1. Fighting Wildfires
The Telluride Fire Protection District and the San Miguel Power Association in Colorado have partnered with Pano AI, a U.S.-based software company focused on wildfire detection, to improve wildfire response times. The partners will install AI-powered cameras that can detect wildfires in the surrounding region and alert first responders. Officials can also use the cameras to better conduct prescribed burns and protect the electric grid and infrastructure.

2. Paying for Food
Panera, a U.S.-based fast casual restaurant chain, has partnered with Amazon to test the Amazon One palm-reading payment system in two St. Louis, Missouri locations. Customers can scan their palm to pay for food and claim loyalty points.

3. Improving Chatbots
OpenAI has added plugins to ChatGPT that enable the AI system to use data from third-party sources, such as the Internet, to respond to approved users. Previously, ChatGPT could not answer questions related to subjects outside of its training data, which ended in September 2021.

4. Deploying Quantum Computers
Cleveland Clinic, a U.S.-based academic medical center, and IBM have installed a quantum computer on Cleveland Clinic’s campus. The computer will be the first dedicated to healthcare research in the world.

5. Launching Chatbots
Google has launched its own AI-powered chatbot, known as Bard, that can respond to user-submitted queries and comments with realistic writing. The company created the chatbot as its own webpage, instead of integrating it into their search engine, and each answer features a button that presents users with an option to open a tab with conventional search results.

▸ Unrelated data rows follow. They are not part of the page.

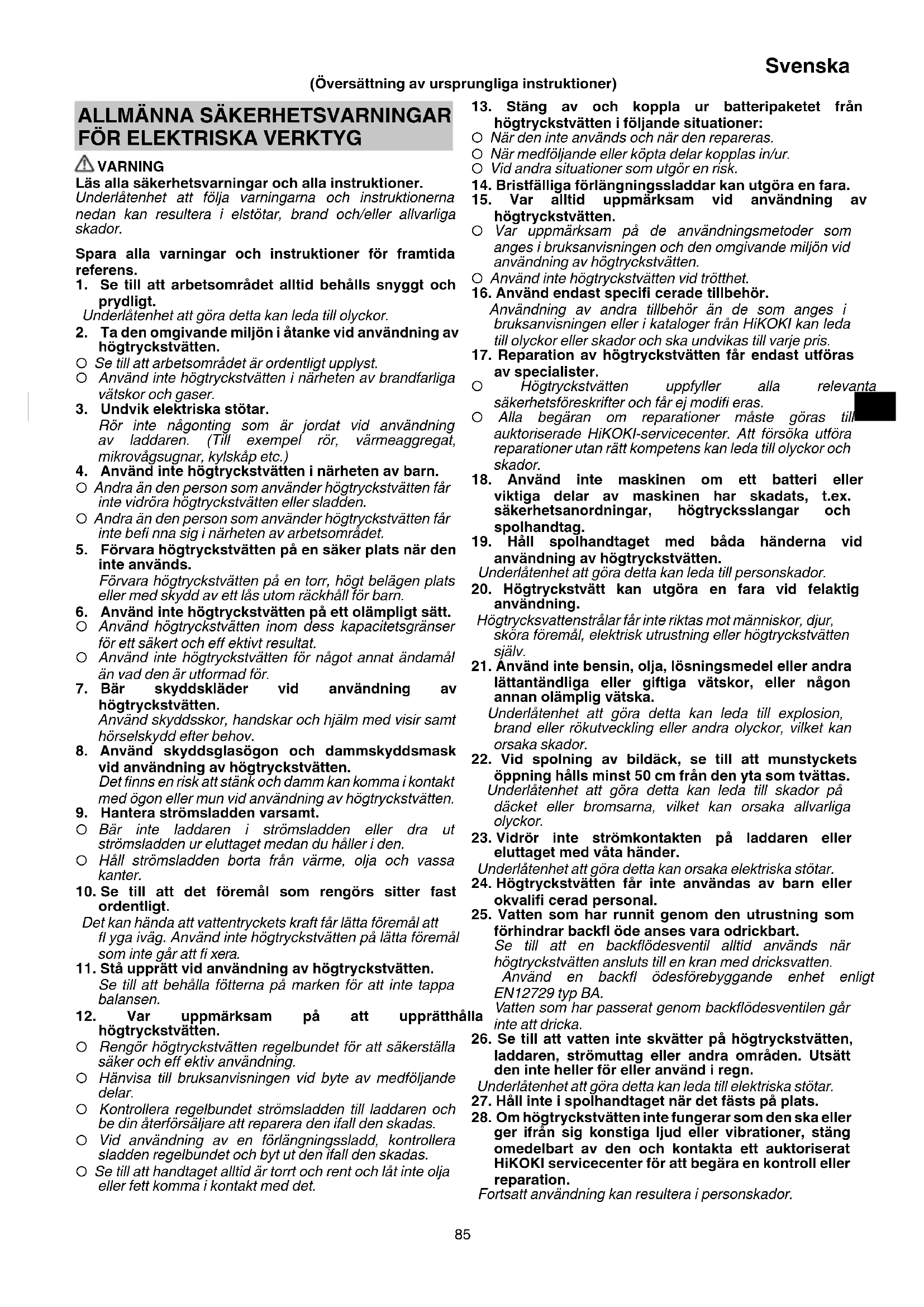 av specialister. ○ Högtryckstvätten uppfyller alla relevanta säkerhetsföreskrifter och får ej modifi eras. ○ Alla begäran om reparationer måste göras till auktoriserade HiKOKI-servicecenter. Att försöka utföra reparationer utan rätt kompetens kan leda till olyckor och skador.
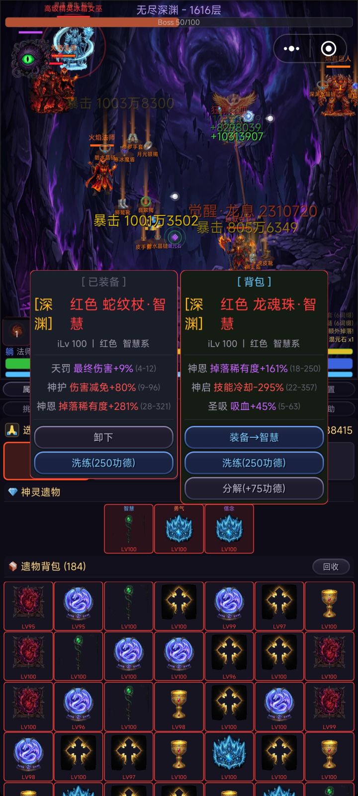 伤害完全溢出,能不能出个二倍速三倍速,或者弄一个跳关,多少时间之内通过可以跳个十层八层的还有一些小问题,比如闪退啊,神灵遗物属性不显示啊,还有一个不确定的(伤害一超千万亿级人物就直接死了,就是打不出来千万亿的伤害)导致我装备都不敢更新了,一换就死了
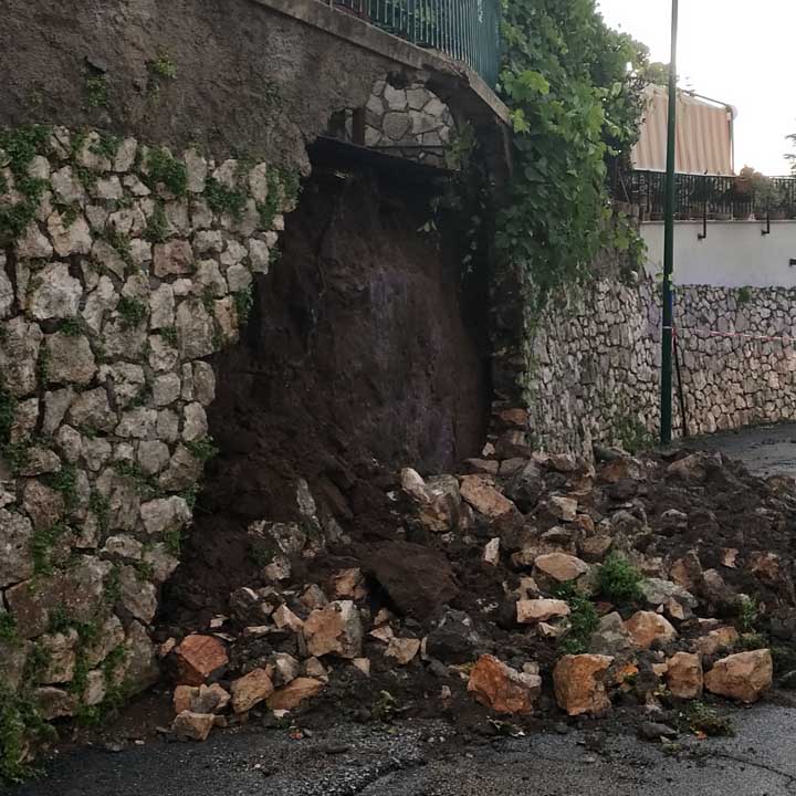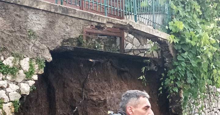 Il danno più grave al momento sembra essere quello registrato in Via Pontinia, all’altezza del civico 58, dove è letteralmente crollato il muro di contenimento (in foto) del terreno sottostante dello spazio aperto di un’abitazione che ha l’ingresso dalla parte opposta su Via Colle di Mezzo.
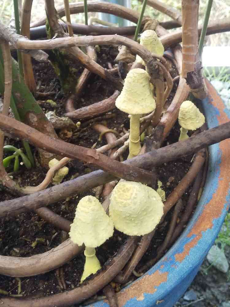 モンステラの根元にベルっぽい可愛いキノコ発見。

6. Tracking Affordable Housing
Officials in Toronto have launched a dashboard to improve transparency into the city’s plans to build more housing. The dashboard contains data on demolished or replaced rental units, affordable rental units under construction, waiting lists for social housing programs, and more.

7. Predicting Opioid-Related Deaths
Researchers at Stony Brook University in New York have created an AI system that can forecast U.S. counties’ opioid-related death rates using tweets. The team trained the system with data on word usage on Twitter and annual opioid-related deaths from 2011 to 2017 in each county.

8. Charging Electric Vehicles
Hyundai, a South Korean automotive manufacturer, has built an autonomous robot that can charge electric vehicles. The robot uses cameras and sensors to collect data on its environment and the location and structure of the car’s charging point. An AI system then uses the data to direct the robot to pick up the charger, secure it to the car, remove and replace the charger, and close the charging port.

9. Fixing Potholes
The Oregon City Public Works department in Oregon has added an AI-powered tool to its street sweepers to detect potholes. The tool has a camera that scans the road and an AI system that uses the data to identify potholes, map their location, and alert city staff.

10. Shopping Online
Snap has launched a new service for retailers to add augmented reality shopping tools to their own apps. Through the service, Snap will offer tools that help online shoppers virtually peruse products, including a tool to try on apparel with augmented reality, a 3D viewer tool that shows various angles of each product, and a tool that can recommend sizing options according to customers’ measurements.